What about the roadblock of the spinal cord scar? The NPCs, says Kadoya, “attenuated” scar formation. That’s a Ph.D. way of saying the cells weakened the scar enough to allow CST growth, which was observed, he says, as long as 3.2 mm away from the lesion.

(The Tuszynski lab reported 15 years ago that the spinal cord lesion scar is not an impenetrable barrier to axon growth, especially if axons are nourished with growth factors. Paul Lu’s remarkable axon growth studies relied on generous application of several such factors; in this new study, Kadoya says smaller lesions do not appear to need growth, or trophic, support. “We will need to figure out if a contusion injury [the typical bruise injury that occurs in human SCI] requires growth factor or not.”)

Kadoya says his CST axons formed connections (synapses) with spinal cord nerve networks. “We confirmed synapse formation by two methods, electron microscopy and optogenetics. To perform the optogenetics study, a virus carrying the genes for channelrhodopsin (ChR) and green protein was injected into the area where the CST neurons are located. The infected CST neurons start expressing ChR and green.

“Then we removed the spinal cord and kept it alive in a special environment. We saw green axons (CST axons) in the cord growing into the NPC grafts. We inserted a very fine needle into one neuron in the graft to record its activity. When we applied blue light to the cord, which stimulated axons infected with ChR, we observed that grafted neurons were activated. This is a solid way to confirm that CST axons made functional synapses onto grafted neurons.”

How long after graft did it take for changes to occur in CST function? “For a new synapse formation, we saw it at four weeks after grafts.
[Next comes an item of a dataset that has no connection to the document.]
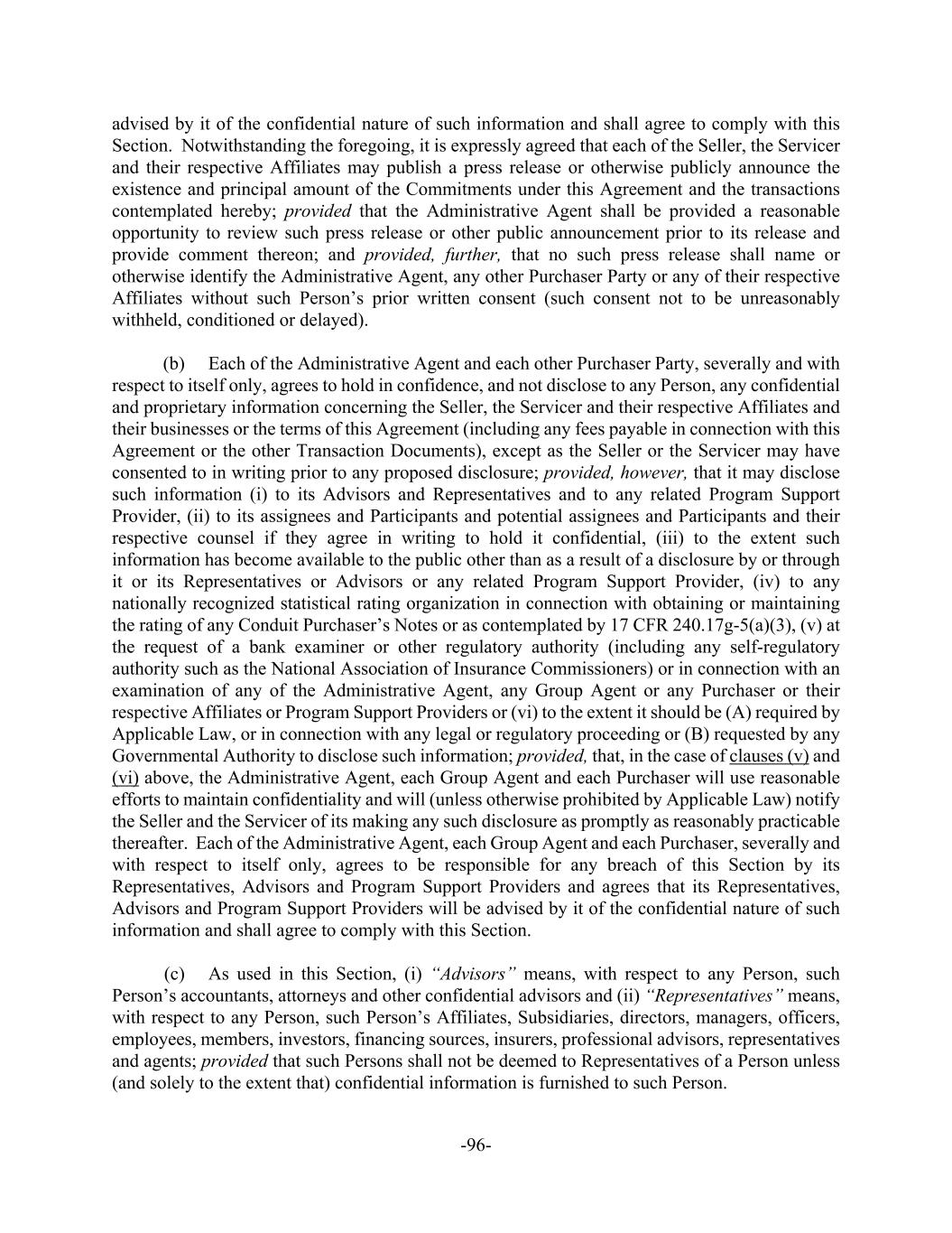 -96- advised by it of the confidential nature of such information and shall agree to comply with this Section. Notwithstanding the foregoing, it is expressly agreed that each of the Seller, the Servicer and their respective Affiliates may publish a press release or otherwise publicly announce the existence and principal amount of the Commitments under this Agreement and the transactions contemplated hereby; provided that the Administrative Agent shall be provided a reasonable opportunity to review such press release or other public announcement prior to its release and provide comment thereon; and provided, further, that no such press release shall name or otherwise identify the Administrative Agent, any other Purchaser Party or any of their respective Affiliates without such Person’s prior written consent (such consent not to be unreasonably withheld, conditioned or delayed). (b) Each of the Administrative Agent and each other Purchaser Party, severally and with respect to itself only, agrees to hold in confidence, and not disclose to any Person, any confidential and proprietary information concerning the Seller, the Servicer and their respective Affiliates and their businesses or the terms of this Agreement (including any fees payable in connection with this Agreement or the other Transaction Documents), except as the Seller or the Servicer may have consented to in writing prior to any proposed disclosure; provided, however, that it may disclose such information (i) to its Advisors and Representatives and to any related Program Support Provider, (ii) to its assignees and Participants and potential assignees and Participants and their respective counsel if they agree in writing to hold it confidential, (iii) to the extent such information has become available to the public other than as a result of a disclosure by or through it or its Representatives or Advisors or any related Program Support Provider, (iv) to any nationally recognized statistical rating organization in connection with obtaining or maintaining the rating of any Conduit Purchaser’s Notes or as contemplated by 17 CFR 240.17g-5(a)(3), (v) at the request of a bank examiner or other regulatory authority (including any self-regulatory authority such as the National Association of Insurance Commissioners) or in connection with an examination of any of the Administrative Agent, any Group Agent or any Purchaser or their respective Affiliates or Program Support Providers or (vi) to the extent it should be (A) required by Applicable Law, or in connection with any legal or regulatory proceeding or (B) requested by any Governmental Authority to disclose such information; provided, that, in the case of clauses (v) and (vi) above, the Administrative Agent, each Group Agent and each Purchaser will use reasonable efforts to maintain confidentiality and will (unless otherwise prohibited by Applicable Law) notify the Seller and the Servicer of its making any such disclosure as promptly as reasonably practicable thereafter. Each of the Administrative Agent, each Group Agent and each Purchaser, severally and with respect to itself only, agrees to be responsible for any breach of this Section by its Representatives, Advisors and Program Support Providers and agrees that its Representatives, Advisors and Program Support Providers will be advised by it of the confidential nature of such information and shall agree to comply with this Section. (c) As used in this Section, (i) “Advisors” means, with respect to any Person, such Person’s accountants, attorneys and other confidential advisors and (ii) “Representatives” means, with respect to any Person, such Person’s Affiliates, Subsidiaries, directors, managers, officers, employees, members, investors, financing sources, insurers, professional advisors, representatives and agents; provided that such Persons shall not be deemed to Representatives of a Person unless (and solely to the extent that) confidential information is furnished to such Person.

We saw treatment effects at five weeks after grafts.”

And what were these treatment effects? Says Kadoya, functional changes -- improved skilled forelimb function – were observed using what it called a staircase test. Animals were pre-trained on reaching for a food pellets on multiple levels. Injured animals that had the NPC transplants did a better job reaching pellets than those that did not get cell transplants.

What’s next? There is a lot of work to do out before the clinical promise of neural precursor stem cells arrives. Kadoya says testing in a larger animal model is necessary. He also wants to better understand the precise mechanism that underlies CST regeneration, and to determine the idea type of cell to use.

From the paper:

Recent reports have emphasized the importance of amplifying intrinsic neuronal signaling to promote the growth of refractory corticospinal axons after SCI [e.g. deleting PTEN genes to boost axon growth]. However, these efforts have not been successful in generating extensive corticospinal regeneration into large, clinically relevant lesion sites that lack small bridges of host tissue.

We now find that NPC grafts enable the extensive and consistent regeneration of corticospinal axons into sites of severe SCI. Indeed, neural grafts achieve extensive regeneration of corticospinal axons into complete spinal cord transection sites, rather than growth only through spared tissue bridges, which is an important practical milestone for their application to the vast majority of injured humans who have lesion cavitation and relatively little spared tissue.

Successful regeneration does not require the therapeutic activation of the corticospinal neuron per se; provided solely with a permissive graft milieu, we show for the first time that corticospinal axons are capable of extensive regeneration into a lesion site.